And yet, although Olga was unable to impose her religion on her subjects at large, her relations with Byzantium paved the way for the eventual triumph of Byzantine Christianity in Russia in the reign of her grandson, Vladimir. She deserves the epithets given her by the Russian Primary Chronicle: "the precursor of the Christian land, the morning star before the sun, the dawn before the light" (1).

This paper is concerned with one aspect of Olga's foreign policy: her relations with the Byzantine Empire. This, as I hope to show, is a subject that touches directly on two other questions of major historical importance: the time and place of Olga's baptism and Kievan Russia's international stance in the mid-tenth century.

The journey to Constantinople of Princess Olga of Kiev, and the related question of where and when she was baptized, have long been the subject of scholarly debate (2). The last fifteen years, in particular, have seen a renewed interest in this problem. No less than five major studies have been devoted to it: substantial articles by George Ostrogorsky (3), by the French medievalist J.P. Arrignon (4), by the Greek historian B. Feidas (5), and by the Soviet scholars A.N. Sakharov (6) and G.G. Litavrin (7).
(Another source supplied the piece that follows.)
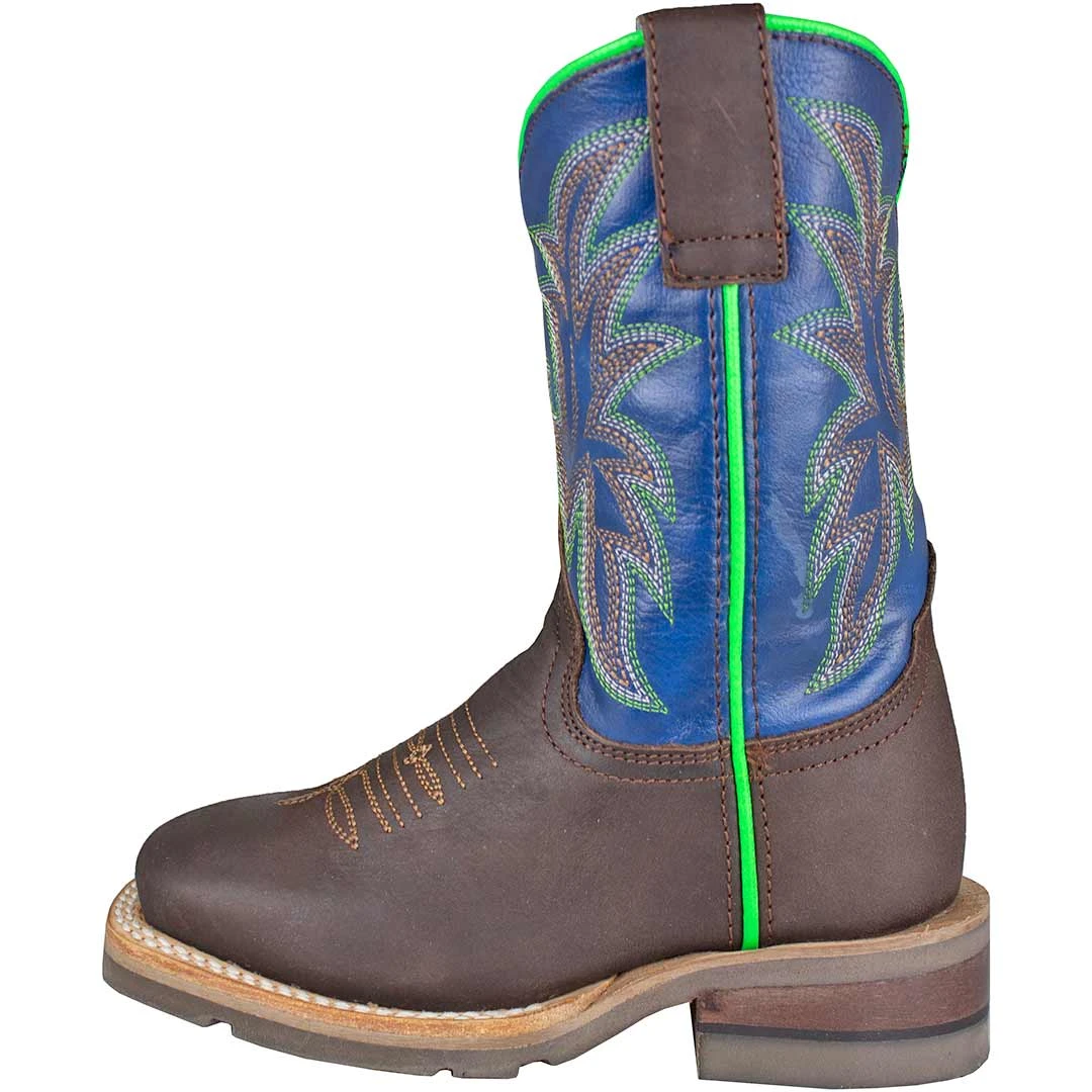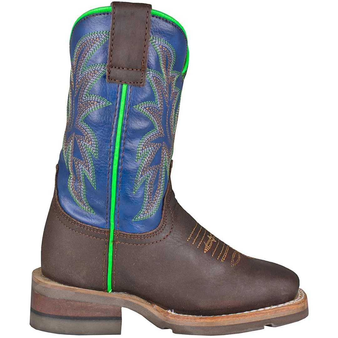 This authentic boy’s Roper cowboy boot features a blue shaft and brown vamp, with 7 row classic stitching and green piping accents.

Ostrogorsky starts from the problem of sources, a problem which, in his somewhat understated words, presents a certain methodological interest (8). The problem can be defined as follows: three medieval sources, clearly independent of each other-the Russian Primary Chronicle, the Latin Chronicle of Adalbert of St. Maximin (the Continuator of the Abbot Regino of Prum) and the eleventh-century Byzantine chronicler, John Skylitzes -all assert that Olga was baptized in Constantinople. On the other hand, the'Book of Ceremonies of the Byzantine Court,' which includes a detailed account of Olga's reception in the Byzantine capital in 957, compiled or at least edited a year or so later (9) by the same Emperor Constantine VII Porphyrogenitos who acted as her host, does not so much as mention her baptism. To which are we to attach greater importance: to the combined evidence of three independent and near-contemporary sources (Russian, Latin, and Byzantine) testifying to Olga's baptism in Constantinople; or to the negative evidence of the one contemporary source where, had this baptism occurred, one would expect to find it mentioned? Ostrogorsky favours the argument'from silence', and believes that the negative evidence of the'Book of Ceremonies' excludes the possibility that Olga was baptized in Constantinople. In his opinion, she was already a Christian when she arrived in the Byzantine capital, having been baptized a few years earlier in Kiev.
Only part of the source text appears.